Ciascuno di noi vive solo se è riconosciuto dall'altro, a partire da chi ci è prossimo e ci ha generato alla vita: sentirsi riconosciuti vuol dire sentirsi importanti...
del 22 febbraio 2019
Ciascuno di noi vive solo se è riconosciuto dall’altro, a partire da chi ci è prossimo e ci ha generato alla vita: sentirsi riconosciuti vuol dire sentirsi importanti...
La vita di tutti i giorni è attraversata da tanti incontri, attesi o imprevisti, interessanti e a volte spiacevoli, momentanei o significativi… Quando ci concediamo l’opportunità di rallentare un po’ il passo per posare il nostro sguardo sul volto dell’altro, senza fretta, ecco che davanti a noi il mistero dell’alterità ci interpella e ci sorprende. Ogni volto è espressione di un’identità che sfugge alla ripetizione e nello stesso tempo racconta distinzioni e parentele. È ciò che mi permette di definire l’altro come persona unica, generata da una storia che la precede e protagonista di un futuro ancora da costruire.
Il volto di chi ci sta davanti può attirare il nostro sguardo o respingerlo, può accendere in noi il desiderio o il senso di rifiuto: in ogni caso, sempre, cerchiamo l’altro per scoprire chi siamo, da quando, appena nati, abbiamo aperto gli occhi e abbiamo incrociato lo sguardo di nostra madre. Proprio così iniziamo a costruire la nostra capacità di comunicare e di relazionarci, fin da piccoli, quando sappiamo dire “tu” anche senza pronunciare parole. In ogni tempo della nostra esistenza viviamo se ci accorgiamo di essere guardati: il bambino cerca il volto dei genitori, l’amante cerca lo sguardo dell’amato, il padre cerca il volto dei figli, il morente qualcuno che lo accompagni nell’ora della morte. Tutta la nostra vita si gioca nelle relazioni che riusciamo (e non riusciamo) ad instaurare e che iniziano, a volte quasi per caso, con uno scambio di sguardi. Ciascuno di noi vive, infatti, solo se è riconosciuto dall’altro, a partire da chi ci è prossimo e ci ha generato alla vita: sentirsi riconosciuti vuol dire sentirsi importanti e sapere di avere valore per ciò che si è.

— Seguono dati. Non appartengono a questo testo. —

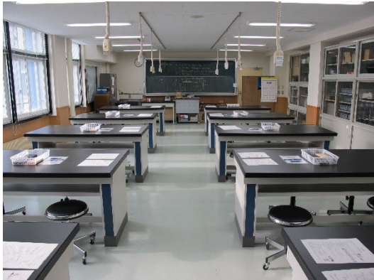
ノギスとマイクロメーターによる長さの測定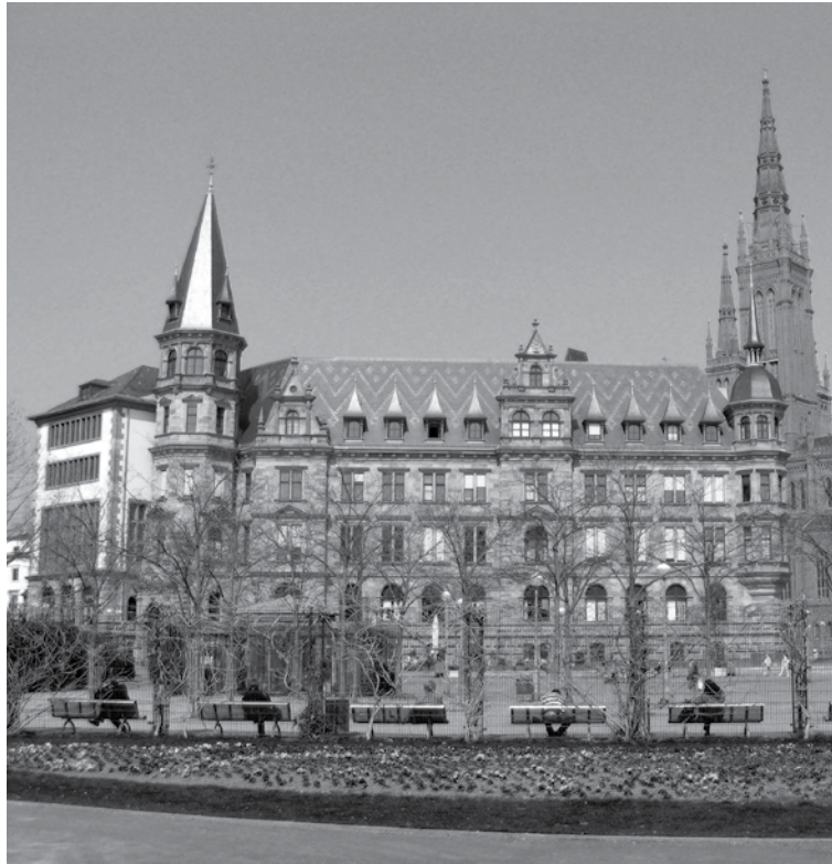
Wie gehts weiter im Rathaus?

Die Grünen waren heillos zerstritten, beschimpften einander, hatten in der Koalition Zugeständnisse gemacht, die man nicht mehr als grüne Politik bezeichnen konnte. Sie hätten eigentlich vom Wähler abgestraft werden müssen. Dann kam Fukushima, und die Grünen konnten, obwohl es in Wiesbaden kein Atomkraftwerk gibt, die Zahl ihrer Mandate drastisch erhöhen. Man muß daraus lernen, daß bei einer Kommunalwahl die kommu-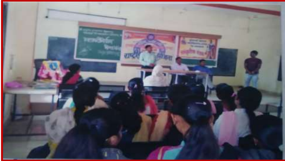
Dr. Babasaheb Ambedkar Mahaparinirvan Din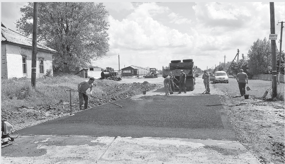
У с. Морози (Кобеляцький р-н, Полтавська обл.) за фінансування підприємства «Говтва» (Кернел) та БФ «Разом з Кернел» пройшов ремонт дорожнього покриття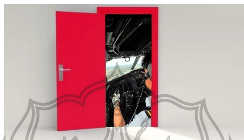
Gambar 5.4 gambar dengan makna konotasi sebagai penyampai keresahan

Selama proses produksi film dokumenter “Warna Lain”, tidak ditemukan kesulitan atau hambatan besar yang mempengaruhi secara signifikan. Semua dilakukan berdasarkan rancangan konsep praproduksi yang direncanakan dengan matang sebelumnya. Oleh sebab itu, penting bagi sutradara untuk membuat konsep praproduksi dengan rinci dan terencana. Adapun kendala kecil yang ditemukan saat proses produksi, yaitu kesulitan dalam mencari narasumber yang bersedia untuk diwawancara dan ditampilkan dalam film. Alasan dari ketidakediaan narasumber untuk ditampilkan karena merasa khawatir apabila dikemudian hari kelainan buta warna yang dianggap narasumber sebagai aib menjadi terpublikasi, sehingga narasumber merasa takut jika mendapat komentar negatif ataupun berujung pada hancurnya rencana karir narasumber. Namun kendala tersebut dapat teratasi dengan solusi mengaburkan informasi dari wajah identitas narasumber.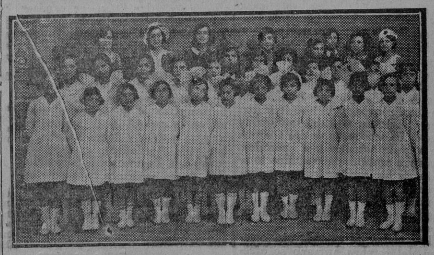
Festival celebrado en el teatro de la Exposición, al que asistieron las niñas de las escuelas nacionales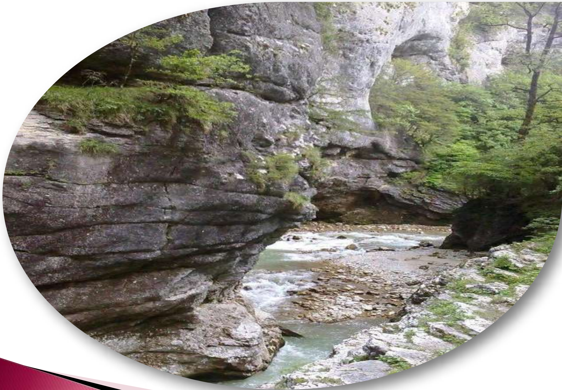
Река Курджипс. Гуамское ущелье. Кавказ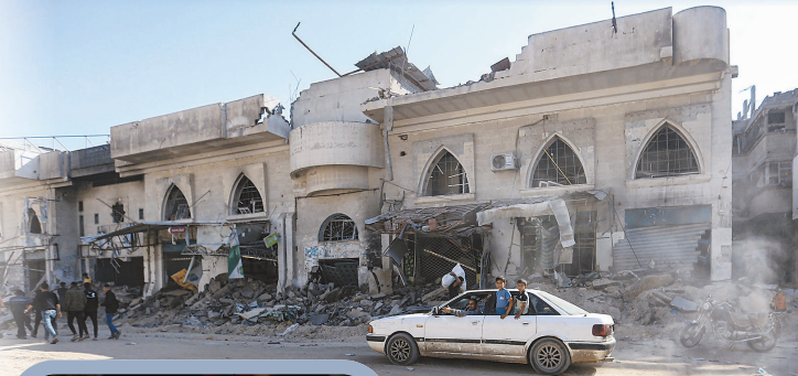
▲ 以軍撤離汗尤尼斯後，留下大量斷垣殘壁。

以色列與哈瑪斯均證實，談判代表已抵達埃及展開新一輪協商，而美國中央情報局（CIA）局長伯恩斯也於 6 日率先到達當地，目前各界都希望停火談判能有所進展，減緩加薩持續加劇的人道危機。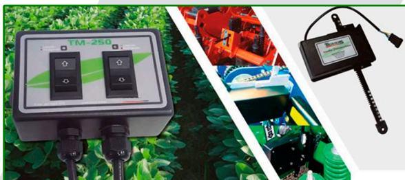
CATRACA PARA CORTE DE SESSÃO PLANTADEIRA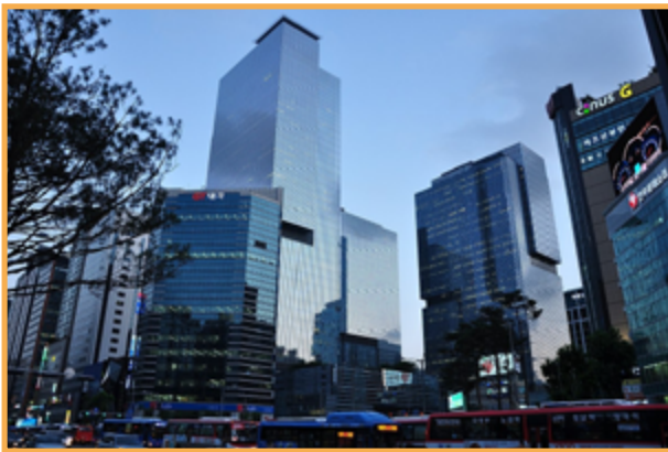
Siège social de Samsung en Corée du Sud

Cette stabilité, tant convoitée par les Coréens, représente une réussite de vie.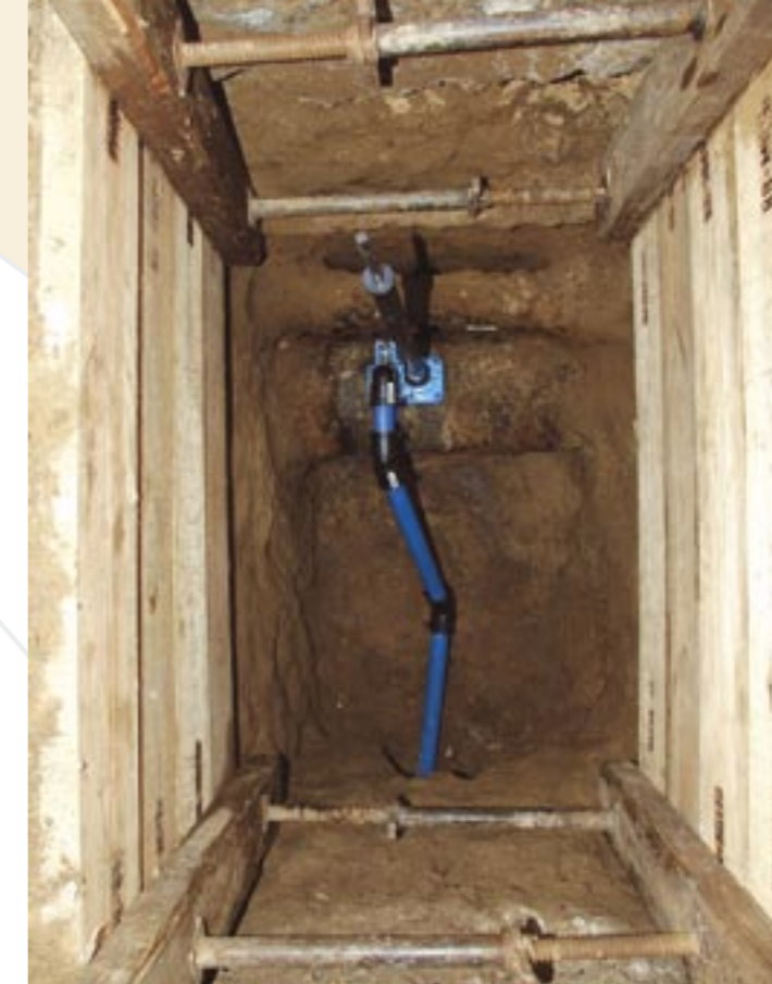
Anschluss an eine Trinkwasserversorgungsleitung

Anschlussleitungen, die über das Grundstück Dritter führen, müssen durch eine Grunddienstbarkeit grundbuchlich gesichert werden. Für die Eintragung ist jeder Grundstückseigentümer oder die Eigentümergemeinschaft selbst verantwortlich.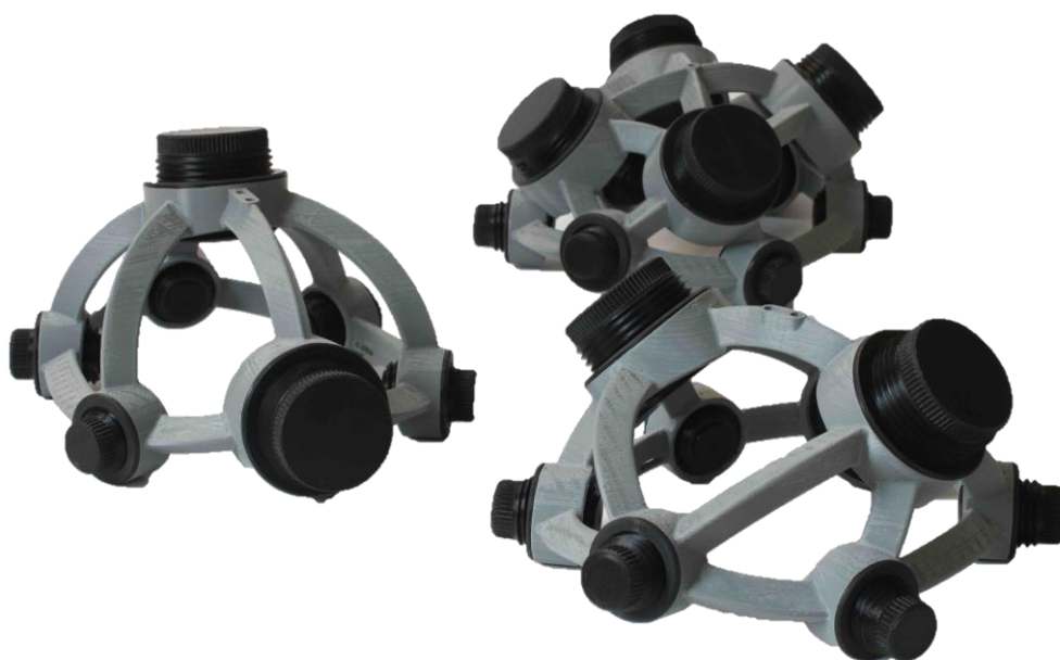
ヘッドギア 1.1 タイプ

経頭蓋静磁場刺激は、ネオジム磁石を用いた非侵襲的な経頭蓋磁場刺激です。頭部に磁石を固定するために専用のヘッドギアを Neurek 社(スペイン)が開発しました。本刺激は、脳活動および行動の基礎研究に用いられます。ヘッドギアは、刺激部位及び適用磁石により3種類のモデルが用意されています。磁石サイズは4種類からお選びいただくことができます。シャム刺激用磁石もセットになっていますので盲検試験が可能です。

Questa ricerca è nostalgia di un’alterità affidabile, che ci restituisce la possibilità di amare in noi quello che già siamo e di osare l’avventura di diventare pienamente noi stessi: questa ricerca è sempre viva e si nasconde oggi nei molteplici e complessi scenari di questo tempo, in cui l’architettura familiare attraversa tempi difficili e sembra destinata inesorabilmente a crollare. Eppure la famiglia rimane l’ambito fondamentale dell’umanizzazione della persona, il luogo della cura degli affetti e dell’educazione, lo spazio privilegiato dove il volto guardato testimonia un’alterità che convoca alla responsabilità e al decentramento. Senza quella certezza di essere unici che solamente l’amore garantisce, non si sa neppure di esistere. Infatti i bambini, appena nati, iniziano a ricevere, insieme al nutrimento e alle cure, il dono del nome, la condivisione degli sguardi e la luce dei sorrisi delle persone che li accompagnano più da vicino. Così si impara presto che la bellezza del legame fra gli esseri umani prevede la diversità dell’altro, lo rispetta e l’accoglie come interlocutore in un dialogo che matura in profondità lungo tutta l’esistenza e si arricchisce, incontro dopo incontro.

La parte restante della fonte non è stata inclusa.